In a landmark decision delivered on 22 October 2025, the United Kingdom’s Supreme Court has ruled in favour of the Federal Republic of Nigeria, dismissing an appeal by Process & Industrial Developments Ltd (P&ID) and affirming that Nigeria is entitled to recover £44 million in legal costs in sterling rather than in naira.
Background: The P&ID Dispute
The ruling stems from a long-running arbitration battle between Nigeria and P&ID over a 2010 gas supply and processing agreement. Under the contract, Nigeria was to provide “wet gas” that P&ID would process into lean gas for power generation. The project never took off — Nigeria did not supply gas, and P&ID never built the processing plant.
In 2017, an arbitral tribunal awarded P&ID US$6.6 billion in damages, which later grew to over US$11 billion with interest. Nigeria challenged the award, alleging fraud, bribery, and misuse of confidential documents by P&ID.
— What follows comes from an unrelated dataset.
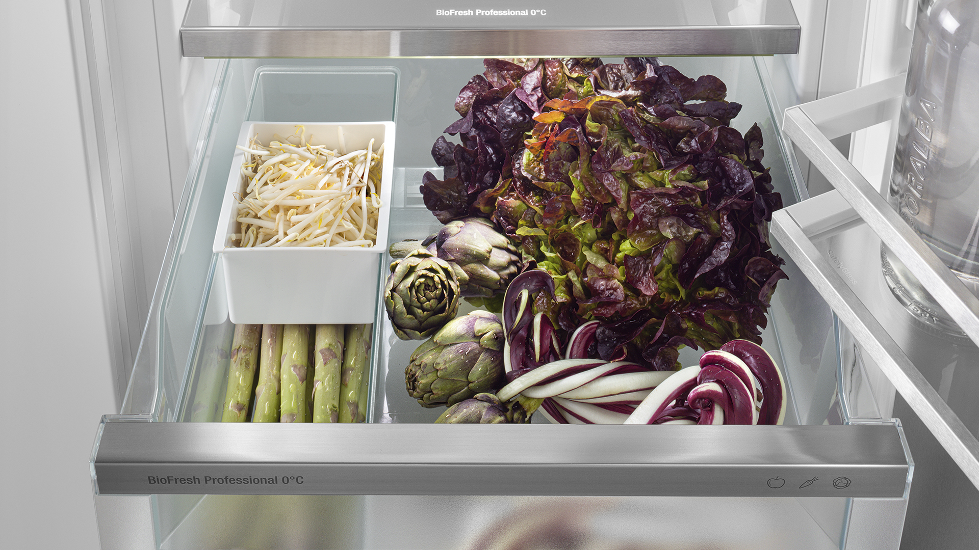 Sertarul BioFresh Professional oferă alimentelor un plus de prospețime pentru o durată de depozitare mai lungă - inclusiv efectul wow: Datorită HydroBreeze, o peliculă de apă rece acoperă fructele și legumele ca un balsam protector. În combinație cu o temperatură de puțin peste 0 °C și o umiditate ridicată, fructele și legumele neambalate se simt ca acasă.

In October 2023, the UK Commercial Court voided the arbitral award, agreeing that it had been obtained through fraud and public policy violations, and ordered P&ID to pay Nigeria’s legal costs.
The Supreme Court’s Ruling
P&ID later appealed, contesting the currency in which those costs were to be paid. The Supreme Court — led by Lord Reed and a panel of justices — unanimously ruled that Nigeria should receive its legal costs in sterling, as the expenses had been incurred and billed in that currency.